Roche CEO Severin Schwan said in April that a vaccine would "most likely" not be ready before the end of 2021. Novartis CEO Vas Narasimhan said on Thursday at a Bloomberg News event that he had "reasonable confidence" that a vaccine could be broadly used by the end of next year.
Roche isn't working on a coronavirus vaccine, while Novartis is involved in an early-stage vaccine project. Kenneth Frazier, the CEO of Merck, a drugmaker with a long track record of creating vaccines, has also urged people to be realistic about the timeline.
"I think when people tell the public that there's going to be a vaccine by the end of 2020, for example, I think they do a grave disservice," Frazier said in a recent interview with the Harvard professor Tsedal Neeley. "We don't have a great history of introducing vaccines quickly in the middle of a pandemic.

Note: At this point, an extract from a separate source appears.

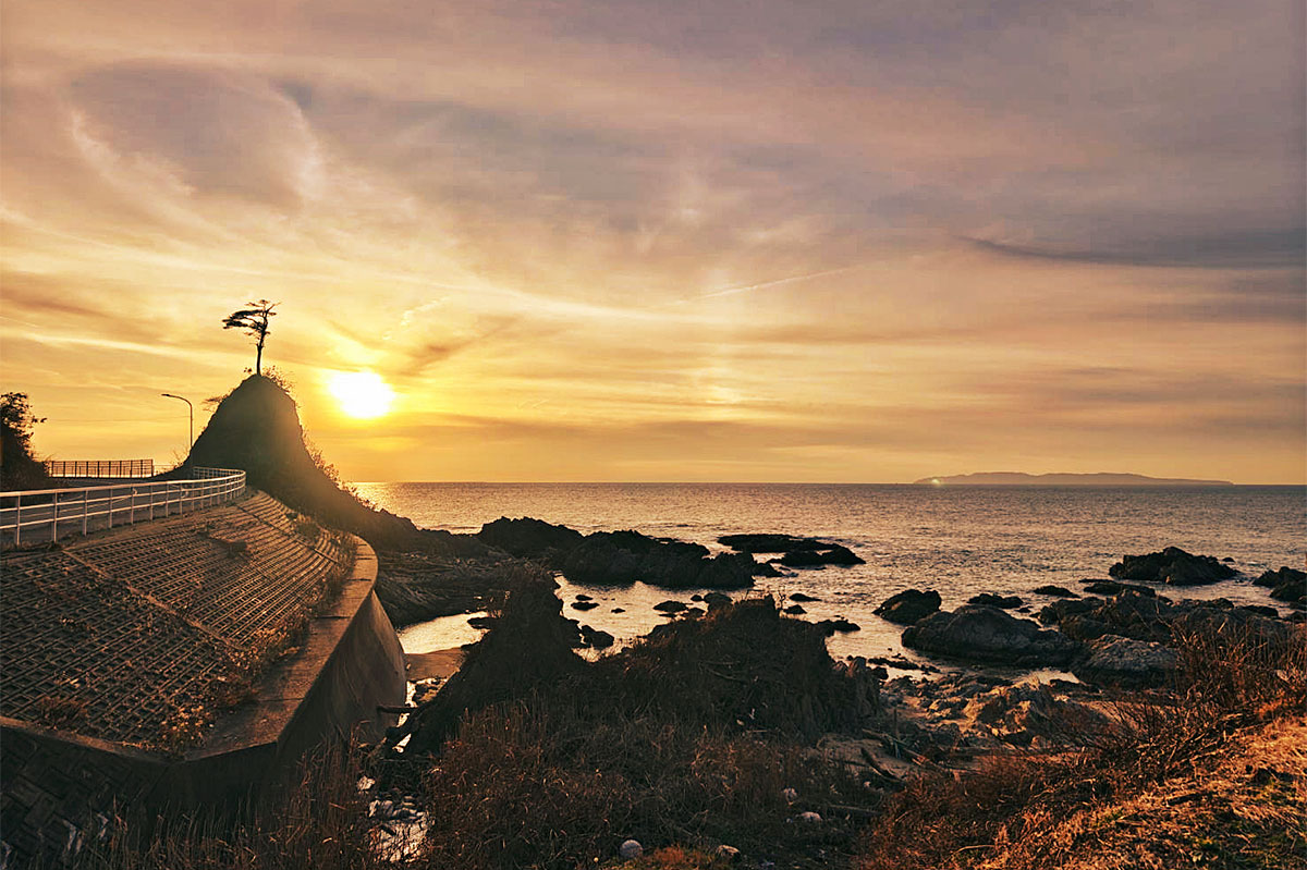 新潟県で一番北にある海水浴場で、国指定名勝天然記念物の筥堅八幡宮社叢を南側に見ることができます。地名の由来といわれる海岸の小石は、まさに囲碁の石を思わせる白黒のコントラストです。

We want to keep that in mind."
Merck is working on a coronavirus vaccine of its own but hasn't provided a detailed timeline.
We asked the Trump administration to clarify Warp Speed's goals
Business Insider asked Trump administration officials in recent days to clarify Warp Speed's goals, because the recent timeline isn't the only instance in which the administration has been unclear. For example:
- Paul Mango, a senior administration official working on Operation Warp Speed and a deputy chief of staff at HHS, said on a press call on Wednesday, "I can tell you and reiterate we are on track to deliver hundreds of millions of doses by January 2021."
- President Donald Trump said earlier this month that a vaccine could be ready "right around" the November 3 election. "I'm rushing it. I am. I'm pushing everybody," Trump told the radio host Geraldo Rivera, adding, "And we're mass-producing the most promising candidates in advance so that we're ready upon approval."
- HHS Secretary Alex Azar said in an interview with a local television station in August: "We now stand at a position where it is very credible that by the end of the year we will have in the high tens of millions of doses of FDA, gold-standard vaccine and, by the beginning of next year, hundreds of millions of doses of vaccines."
Administration officials confirmed to Business Insider that it would take months after January to accomplish Warp Speed's goals of injecting 300 million vaccine doses.
Here's how Dr. Francis Collins, the head of the National Institutes of Health, put it in response to a question about the timeline:
"That last three months is distribution of 300 million doses," Collins said. "That is the process of getting a dose to every American, which we didn't expect we could do by the first of January. That's going to take the additional three months to do so."